Diğerlerinin söylediklerinin veya sürece ilişkin olumsuz bakış açılarının çok fazla önemi yoktur. 27 Şubat İmralı açıklamasına uygun olarak, PKK’nın varlığını sona erdirdiğini ve silahlarını bıraktığını 12 Mayıs’ta ifade etmiştir.
Kanlı süreç tamamen sonlanmalıdır. Kara bir dönem, kapanmamak üzere kapatılmalıdır. Umutların yeşermesi, barış ortamının hakim olması gerekmektedir. Geri dönüş yoktur. Aksi takdirde ortaya çıkacak sonuçların bedeli ise vahim olacaktır.”
BAHÇELİ’NİN İMRALI SÜRECİ AÇIKLAMALARI
Uluslararası İlişkiler ve Strateji Uzmanı Dr. Erol Mütercimler, Devlet Bahçeli’nin İmralı sürecine dair açıklamalarını değerlendirdi. Sert bir üslup benimseyen MHP liderinin uyarı niteliğindeki sözlerinin arka planını anlatan Mütercimler, Sözcü TV’de İpek Özbey’e bazı yorumlar yaptı.
Tartışmalara yol açan Bahçeli’nin “vahim ötesi bedel” ifadesini Türkiye, ABD ve Ortadoğu bağlamında analiz eden Mütercimler, şu şekilde konuştu:
“ABD, yeni Ortadoğu’yu şekillendirme planlarını hayata geçiriyor.
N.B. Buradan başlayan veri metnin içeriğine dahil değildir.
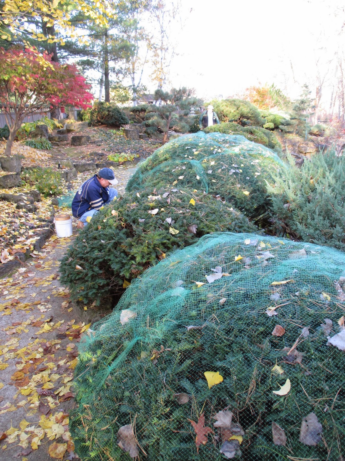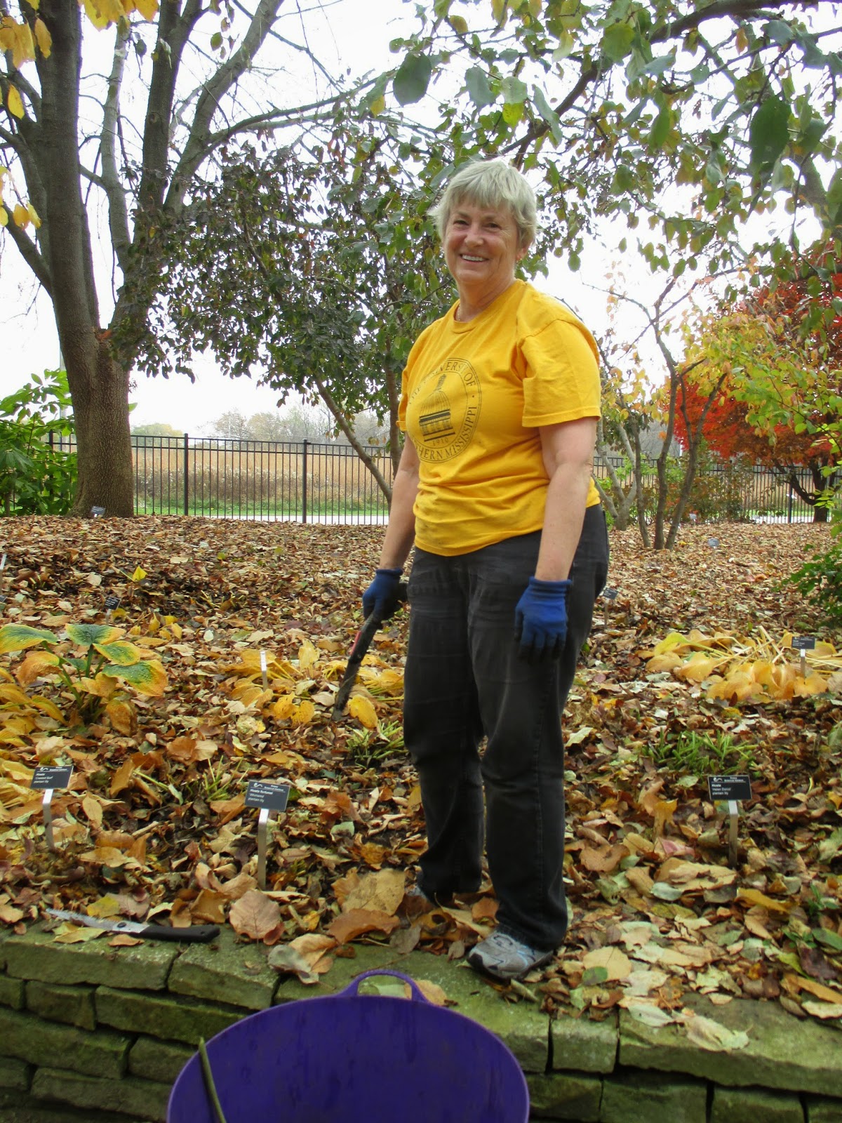 It was a great day for volunteers. Bob C. and Ron R. worked on putting lights on our arches while Pat M. continued his progress on "Tower of Power" #2 which is looking good. He does a very nice job and is as detail-oriented as they come. The carpenters (Dave, Jim and Ron Y.) continued progress on the "elf workshop" which will be a new addition (one of two) for the HLS. Ken continued painting the large PVC candy canes and Ron P. continued his lights repairs. Lloyd (above) collected leaves along with Gary S. (directly below) and Alan M. Kathy (second photo down) worked with Terri (third photo down) and Eva (fourth photo down) on cutting back perennials and collecting garden debris in many areas. Dr. Gredler had a full day of mowing and Maury was out running errands this morning. The fifth photo down shows Dick P. and Dick H. bringing in the 'Russo Family Fountain' for winter storage. The guys also collected the 'Dancing Waters' fountain and have done this for many years. The sixth photo down shows Larry H. (foreground) and Gary B. putting protective netting on the yews (Taxus) in the Japanese garden. This should thwart the deer nibbling this winter although rabbits may continue to be a problem. Jumbo Jim came in with three RECAPPERS this afternoon and continued protecting plants in the Japanese garden for winter and accomplished quite a bit of clean-up as well. We also saw Arnie, Hal R., Mark S., Rollie and many others today.
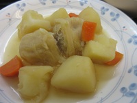 メニューは赤飯・味噌汁・ロールキャベツ・酢の物・フルーツです
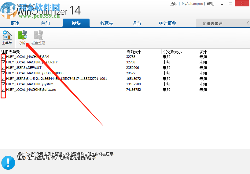 3.点击进入到整理注册表功能界面之后,我们勾选想要整理的注册表单元,勾选之后点击上方的分析按钮。
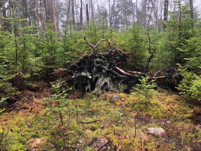 Our outside wilderness space for the ForestKids is an old growth forest, undisturbed, wild, natural, huge and magical. We call it KinderForest. KinderForest is huge, with areas of white, black and red spruce trees, communities of yellow and white birches, poplar, red and sugar maple trees, white pine, ash and oak. Some of the trees are hundreds of years old and about 30 m tall. Squirrels are everywhere. Rabbit tracks in Winter are common.
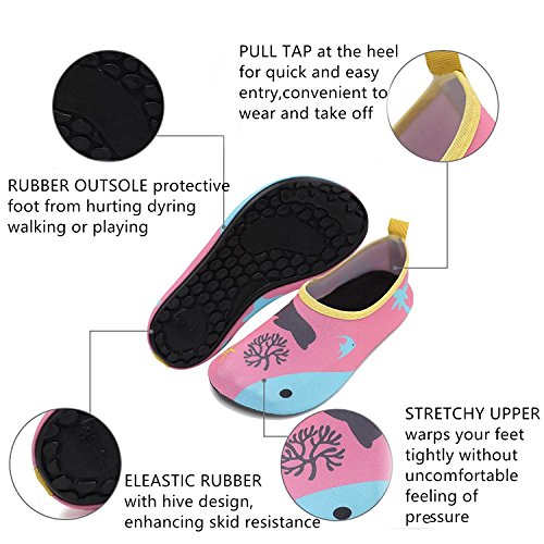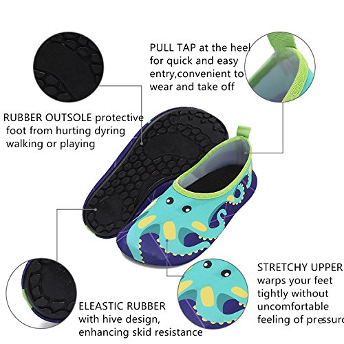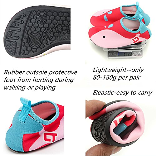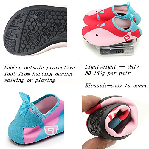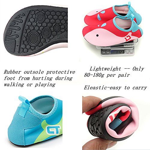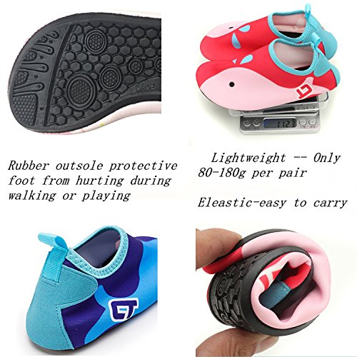 √ Lightweight -- Only 80-180g per pair √ Safety -- protective kids barefoot from hurting during walking or playing in anywhere, anytime √ Quick-dry -- Elastic upper can fast draining and cross ventilation,a perfect fold-and-go portability
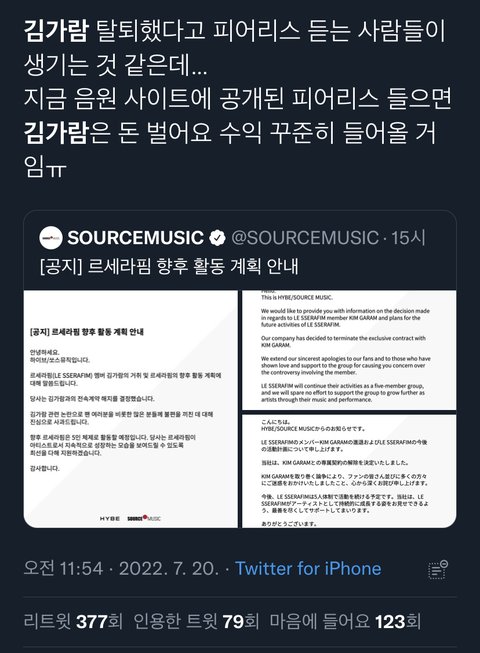 르세라핌 피어리스 김가람 가람 학폭 탈퇴 김채원 사쿠라 허윤진 카즈하 홍은채
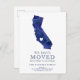 envoyez votre nouvelle adresse à vos amis et votre famille avec cette carte marine moderne bleu aquarelle de l'état de Californie avec typographie moderne. Parfait faire-part en mouvement. Déplacez le coeur vers votre emplacement.
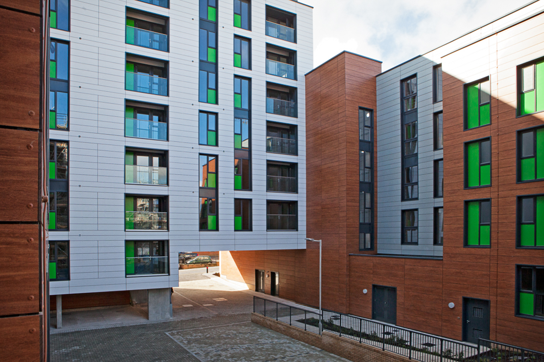 The Former Fruit & Veg market is a transformation of a rundown district in Southampton into a flagship residential and commercial development. The development is a £60m project in the up-and-coming Queensway district, the project creates 84 one bedroom and 195 two-bedroom apartments over three blocks, as well as a commercial space and green space to revitalise the prominent area of the city. The façade surface area is 10,000m2 of a mixture of Eternit, Equitone Natura, Formica Vivix and vertical hung GeBrick façade systems. All facades were supported by the RJ Facades EVT substructure and vertical rails with a full fixings package.
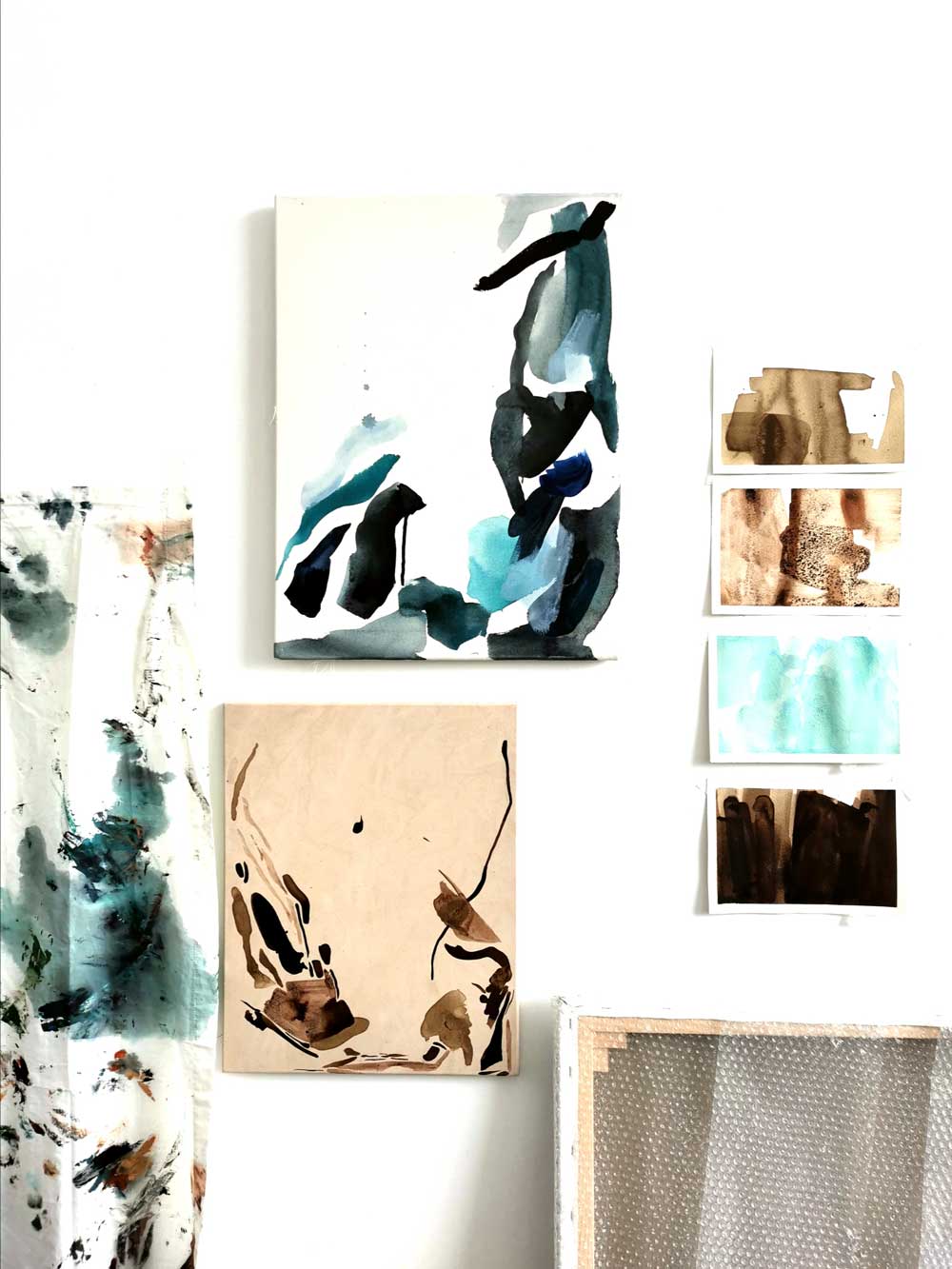 My work is site-responsive which allows me to work both in and outside of my studio. I spend a lot of time in nature; watching the shadows on mountains and the energy of the ocean. I am always looking down, underfoot, to see what kind of pigments and botanics I can forage. I’m especially drawn to rock pools at the moment. Some weeks I’m outdoors more and some I’m busy painting. The great thing with my work is that the simple act of going for a walk can result in new ideas or artworks.
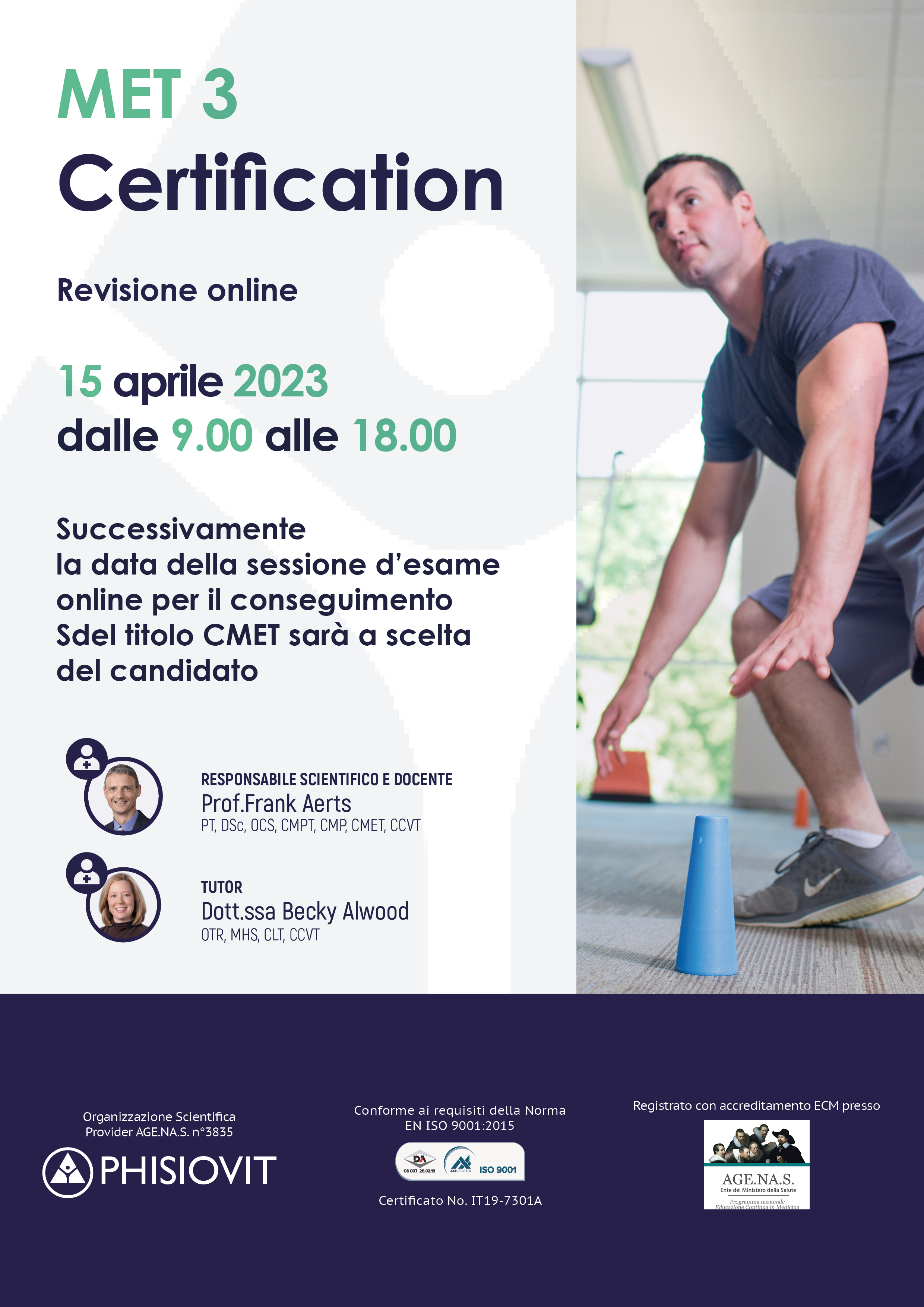 • MET3 - Certification è proposto in FAD sincrona il 15 aprile 2023: si tratta di una revisione online degli argomenti trattati precedentemente in aula con relatori in lingua inglese e traduttori in lingua italiana, una sessione utile per le preparazione alla successiva sessione d'esame a scelta del candidato. Il tutto al fine del conseguimento della certificazione CMET - Certified Medical Exercise Therapist.
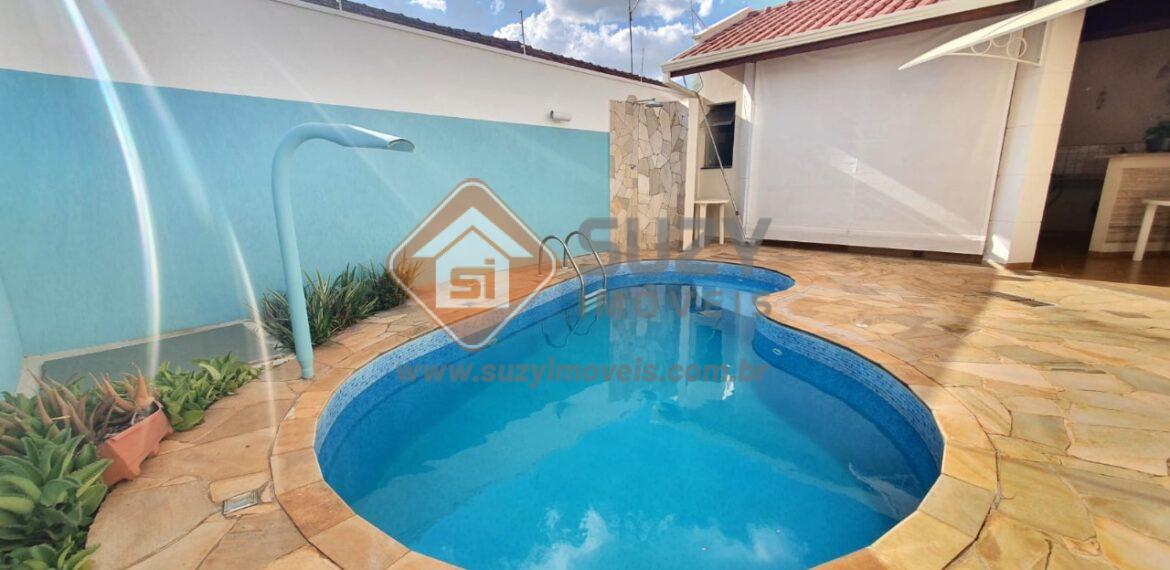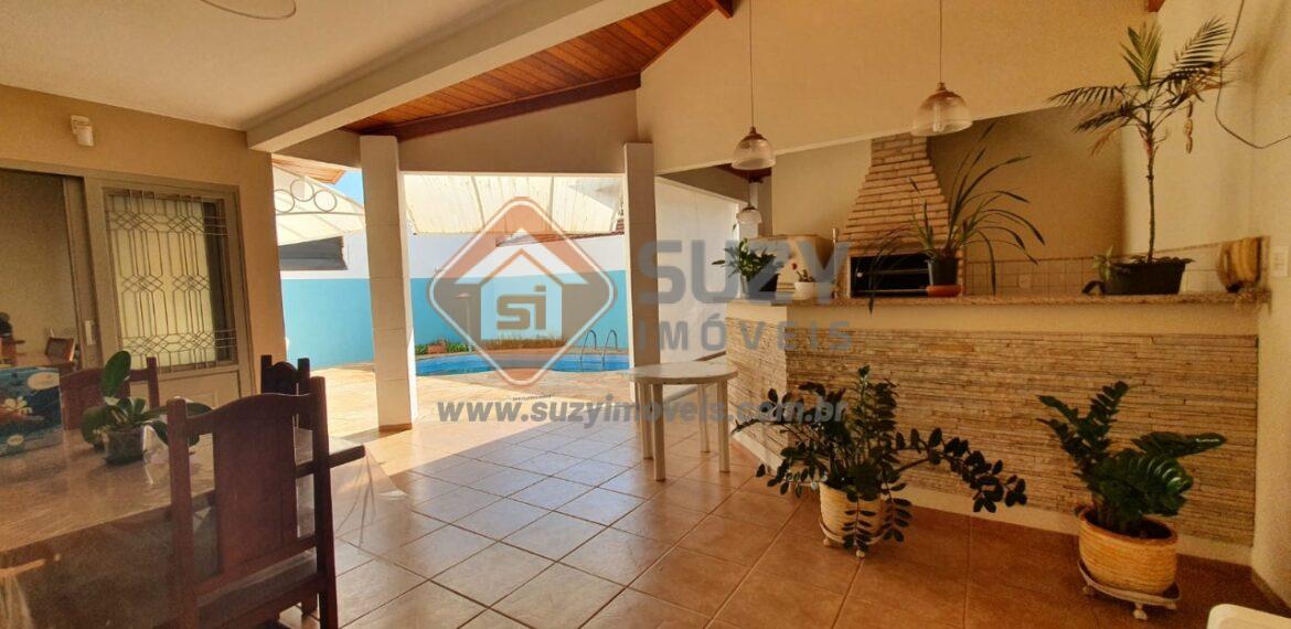 Parte Térrea: escritório, lavabo, sala de estar, sala de jantar, copa cozinha com armários, área de serviço com armários, varanda gourmet com churrasqueira, quarto despejo e w.c social, quintal, piscina, aquecimento solar e garagem para 04 carros sendo 02 cobertos e 02 fora da cobertura.
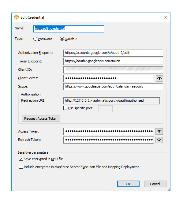 可以借助凭据对象将OAuth授权详细信息传输到其他执行环境,例如MapForce Server和FlowForce Server。

Hedeflerine ulaşmak için yalnızca birkaç durakları kaldı. Suriye’de Türkiye ile İsrail’in bir karşı karşıya gelmesi yakın görünüyor.”
“Ortadoğu’nun geleceğinde kanlı çatışmaların son bulması mümkün görünmüyor. Şu an için en az zarara uğrayan pakt Türkiye’dir.”
“Eğer PKK, bir aparat olarak yaşamaya devam ederse, Türkiye elindeki tüm askeri gücü buraya yönlendirir ve kanlı sonuçlar ortaya çıkar.”